Остаюсь готовый к услугам и глубоко уважающий вас
P. S. Мой поклон и уважение Анне Матвеевне.
Валерий Брюсов – Андрею Белому
5 декабря 1903 года, Москва
Дорогой мне Борис Николаевич!
Ваше письмо в «книгоиздательство» поразило меня[37]. Я верил, что поело всех слов, какие вам случалось говорить мне, какие нам случалось говорить друг другу, – между нами более тесные связи, чем те, которые разрываются десятиминутным обменом попреков. Неужели же вы не узнали меня изо всех моих стихов, изо всех моих речей и поступков, а узнали вот в те четверть часа, что мы стояли у полки с изданиями «Скорпиона»! Я говорил с вами через все условности общежития, через всякие «вежливости» и «салонности», а вы расслышали только обидные слова! Для меня вы уже никогда не можете стать отвлеченным Андреем Белым, и нет никого кругом, кого я так желал бы знать близким себе, как вас, – а вы пишете обо мне в третьем лице, как о чужом и чуждом!

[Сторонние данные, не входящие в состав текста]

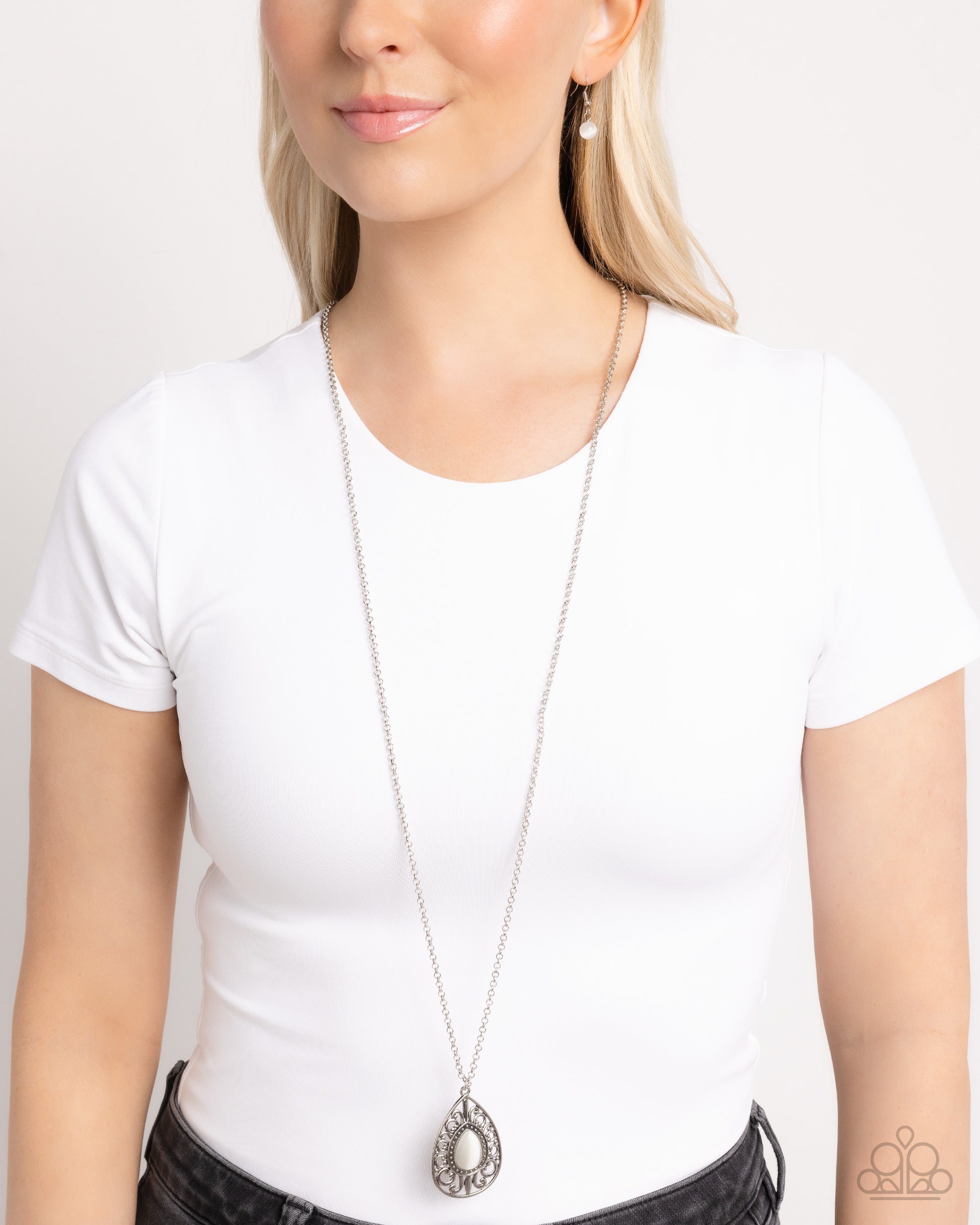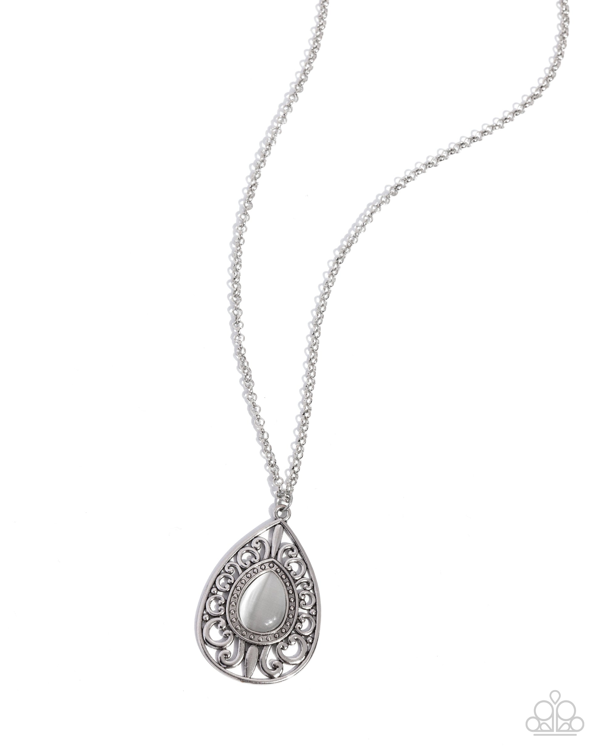 A glowing white moonstone is pressed into the center of a silver teardrop pendant swirling with regal filigree for a regal finish. Features an adjustable clasp closure.

Но дело не только во мне и вас. Среди нас иная сила, пренебрегать которой мы не смеем. Маленькие чародеи, мы закляли страшного духа; он предстал; и его не заставят исчезнуть наши бессильные заклинания. Мы уже не над «Скорпионом», а в нем; мы управляем им не более, чем кормщик кораблем, крутимым бурей. И с вашим уходом «Скорпион» и «Весы», конечно, не пропадут. К нам примкнут еще многие, ибо вокруг уже образовался тот водоворот, который засасывает всех, плывущих мимо. Но с вашим уходом от «Скорпиона» будет отнято все присущее лично вам, ваша вера, ваша зоркость, ваша молодость. Наш путь изменится, правда, на ничтожный угол, но если мы продолжим линию этого пути в даль годов и в даль влияний, – как изменится цель! В вашей воле дать торжество вам желанному направлению, но вы от этого хотите отказаться. Сколько раз говорили мы с вами о недостатках «Мира искусства» и «Нового пути» (вы его называли «Бедным путем»), и вот у нас журнал, который мы можем сделать таким, как мы хотим, – и опять от этого вы хотите отказаться. Если вам дороги не только ваши стихи, и образы, и книги, – но и власть их над людьми, и торжество всего, чему вы верите, – уходя из «Скорпиона», вы совершаете преступление.
36
Перефразированное заглавие книги Ф. Ницше «Человеческое, слишком человеческое».
37
В письме идет речь о конфликте между Брюсовым и Белым, связанным с издательством «Гриф», которое было основано С. А. Соколовым в 1903 г. «Гриф» ставил перед собой те же задачи, что и «Скорпион», однако требования «Грифа» к художественному уровню издаваемых произведений были не высоки. Белый собирался сотрудничать с «Грифом» и покидать «Весы» и «Скорпион». Позже Белый изменил свои намерения, и стороны примирились.